What is required = Wherever a picture appears in the listing below, leave it out and reproduce the rest exactly.
(Records for this task Opens)
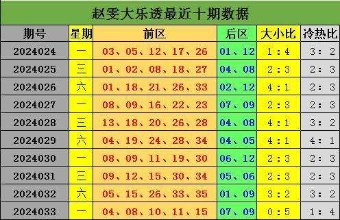上期回顾,大乐透第2024033开奖,本期奖号:前区04 08 10 11 15;后区07 09,当期前区号码大小比为0:5,三区比4:1:0,奇偶比2:3。前区开出连号10 11,开出重号15。
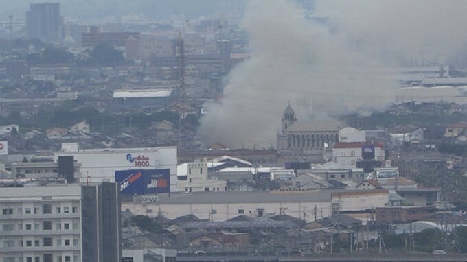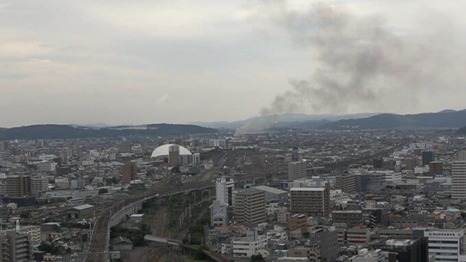 現在、岡山市消防局の消防車など18台と消防ヘリが出動しているということです。火事は午後2時23分に鎮圧していますが、まだ鎮火には至っていません。
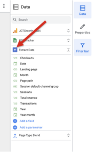 - You should now see the orange three-bars icon with your GA property name in the right-hand Data panel.
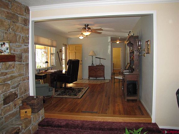 Prime location, rare opportunity! Seldom do homes on Rio Vista Circle come to market. This is a quiet, non- thoroughfare street in close proximity to river trail, Animas put-in, Riverview Elementary, Durango High, Rec Center, etc. The house features 4 total bedrooms with the master bedroom currently a lock-off ideal for mother-in-law suite or college student. Bathrooms have been updated; two living areas; hardwood floors; newer kitchen appliances, furnace, hot water heater, and evaporative cooler. Mature landscaping and beautiful, terraced backyard. Cozy patio features a water fountain and pad with hot tub wiring. Don't delay-call today for your private showing!
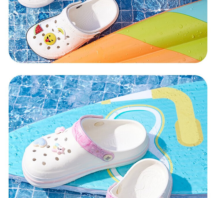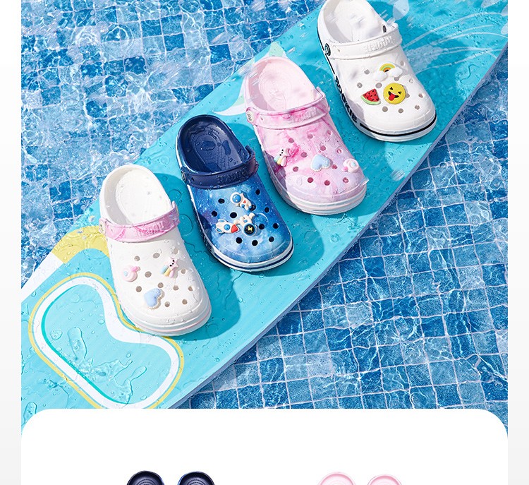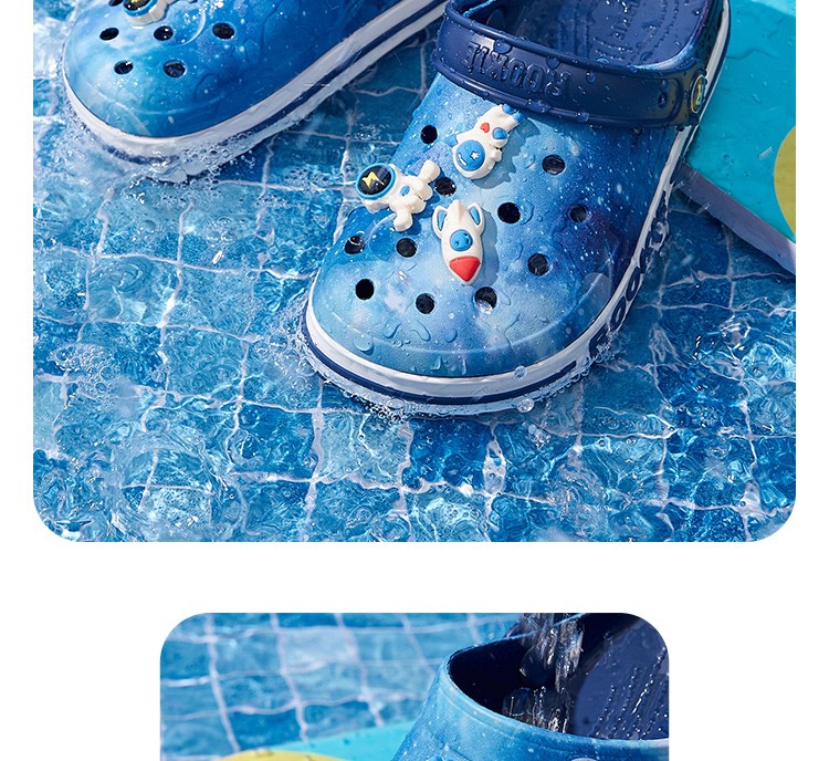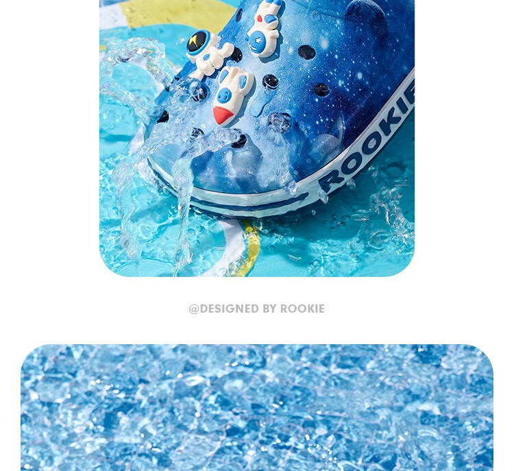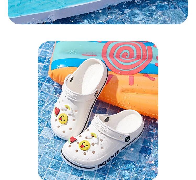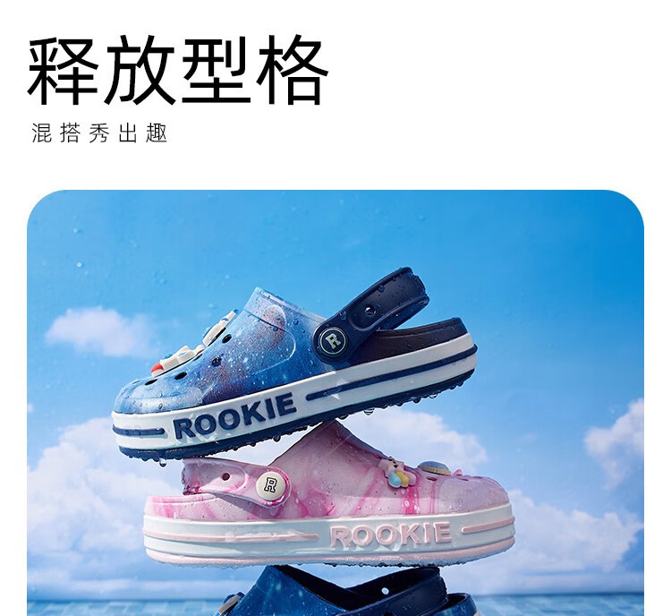 ROOKIE children's shoes for boys and girls, summer new children's beach toe-cap sandals, with 6 cartoon buckles, feather white/midnight blue 29 30, suitable for feet 18-18.5cm long
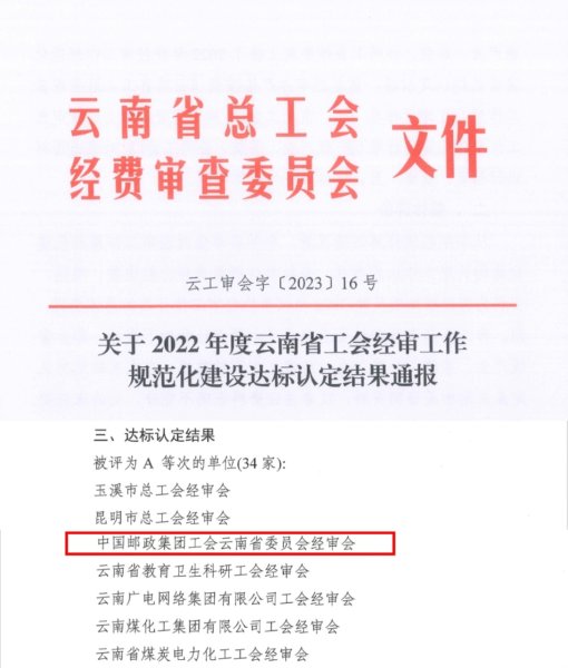 近日,云南省總工會(huì)經(jīng)費(fèi)審查委員會(huì)下發(fā)了《關(guān)于2022年度云南省工會(huì)經(jīng)審工作規(guī)范化建設(shè)達(dá)標(biāo)認(rèn)定結(jié)果通報(bào)》(云工審會(huì)字﹝2023﹞16號(hào)),云南郵政工會(huì)經(jīng)費(fèi)審查委員會(huì)被評(píng)為A等次單位,這已是云南郵政工會(huì)連續(xù)多年被獲評(píng)為A等次單位。
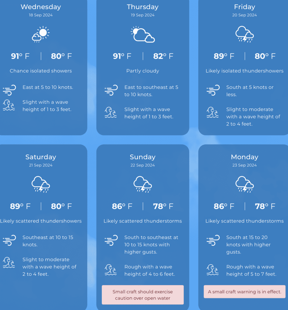 Today: Partly cloudy with afternoon showers or thunderstorms. Winds E at 10 to 15 mp.
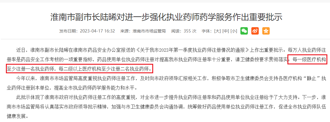 答案是肯定的,此前淮南市官方就發(fā)布通知:醫(yī)療機(jī)構(gòu)也需配執(zhí)業(yè)藥師。(具體以各地最新政策文件為準(zhǔn))
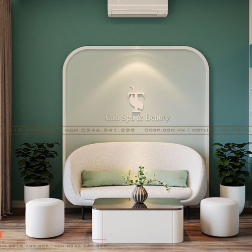 Bước chân vào spa Sáu Cali, bạn sẽ nhìn thấy bộ bàn ghế tiếp khách màu trắng sang trọng ngay cửa ra vào. Phía sau bàn ghế là vách logo có sự đồng điệu màu sắc với biển hiệu bên ngoài. Màu sắc trắng xanh đan xen tạo cảm giác thoải mái, dễ chịu cho người nhìn.
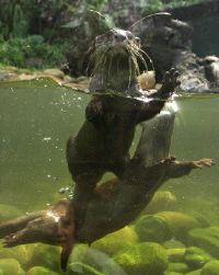 Acude a pequeños riachuelos cuando se secan, para alimentarse de ranas y peces que quedan allí aislados. Cuando está fuera del agua se desplaza a saltos, lentamente, y por el río, va haciendo zig zag de una orilla a otra, jugando constantemente. Tienen una buena vista bajo el agua (mejor que fuera de ella), y el oído y olfato son muy finos.
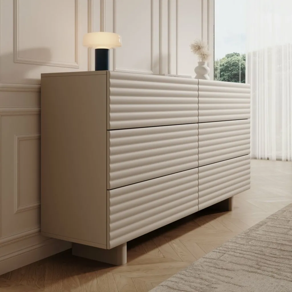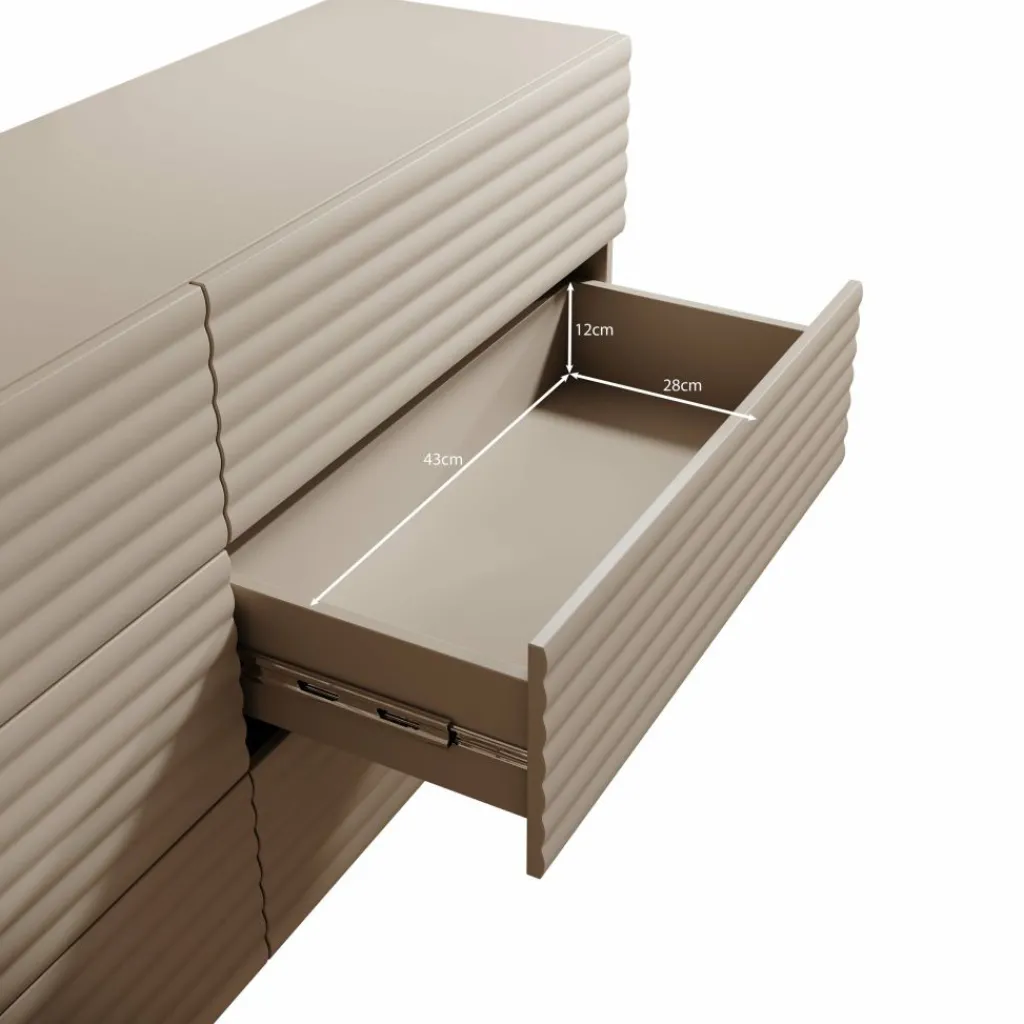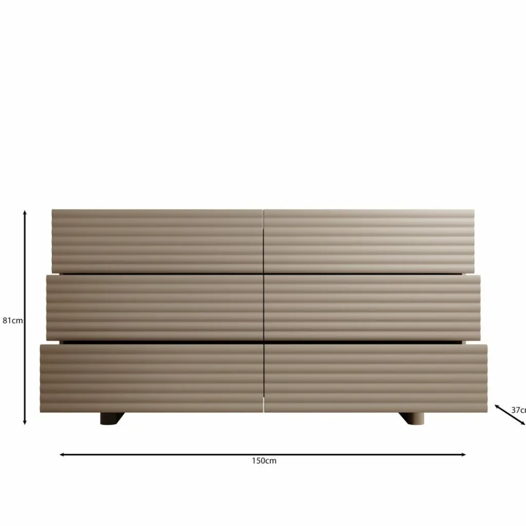 Het Tactica dressoir in beige heeft een strak ontwerp met horizontale golvende fronten die het meubel een modern karakter geven. De kast is 150 cm breed en beschikt over zes ruime laden die soepel openen en sluiten. Deze indeling biedt voldoende opbergcapaciteit voor bijvoorbeeld servies, textiel of andere dagelijkse items.
(Records for this task Closes)
Reply =
上期回顾,大乐透第2024033开奖,本期奖号:前区04 08 10 11 15;后区07 09,当期前区号码大小比为0:5,三区比4:1:0,奇偶比2:3。前区开出连号10 11,开出重号15。
 現在、岡山市消防局の消防車など18台と消防ヘリが出動しているということです。火事は午後2時23分に鎮圧していますが、まだ鎮火には至っていません。
 - You should now see the orange three-bars icon with your GA property name in the right-hand Data panel.
 Prime location, rare opportunity! Seldom do homes on Rio Vista Circle come to market. This is a quiet, non- thoroughfare street in close proximity to river trail, Animas put-in, Riverview Elementary, Durango High, Rec Center, etc. The house features 4 total bedrooms with the master bedroom currently a lock-off ideal for mother-in-law suite or college student. Bathrooms have been updated; two living areas; hardwood floors; newer kitchen appliances, furnace, hot water heater, and evaporative cooler. Mature landscaping and beautiful, terraced backyard. Cozy patio features a water fountain and pad with hot tub wiring. Don't delay-call today for your private showing!
 ROOKIE children's shoes for boys and girls, summer new children's beach toe-cap sandals, with 6 cartoon buckles, feather white/midnight blue 29 30, suitable for feet 18-18.5cm long
 近日,云南省總工會(huì)經(jīng)費(fèi)審查委員會(huì)下發(fā)了《關(guān)于2022年度云南省工會(huì)經(jīng)審工作規(guī)范化建設(shè)達(dá)標(biāo)認(rèn)定結(jié)果通報(bào)》(云工審會(huì)字﹝2023﹞16號(hào)),云南郵政工會(huì)經(jīng)費(fèi)審查委員會(huì)被評(píng)為A等次單位,這已是云南郵政工會(huì)連續(xù)多年被獲評(píng)為A等次單位。
 Today: Partly cloudy with afternoon showers or thunderstorms. Winds E at 10 to 15 mp.
 答案是肯定的,此前淮南市官方就發(fā)布通知:醫(yī)療機(jī)構(gòu)也需配執(zhí)業(yè)藥師。(具體以各地最新政策文件為準(zhǔn))
 Bước chân vào spa Sáu Cali, bạn sẽ nhìn thấy bộ bàn ghế tiếp khách màu trắng sang trọng ngay cửa ra vào. Phía sau bàn ghế là vách logo có sự đồng điệu màu sắc với biển hiệu bên ngoài. Màu sắc trắng xanh đan xen tạo cảm giác thoải mái, dễ chịu cho người nhìn.
 Acude a pequeños riachuelos cuando se secan, para alimentarse de ranas y peces que quedan allí aislados. Cuando está fuera del agua se desplaza a saltos, lentamente, y por el río, va haciendo zig zag de una orilla a otra, jugando constantemente. Tienen una buena vista bajo el agua (mejor que fuera de ella), y el oído y olfato son muy finos.
 Het Tactica dressoir in beige heeft een strak ontwerp met horizontale golvende fronten die het meubel een modern karakter geven. De kast is 150 cm breed en beschikt over zes ruime laden die soepel openen en sluiten. Deze indeling biedt voldoende opbergcapaciteit voor bijvoorbeeld servies, textiel of andere dagelijkse items.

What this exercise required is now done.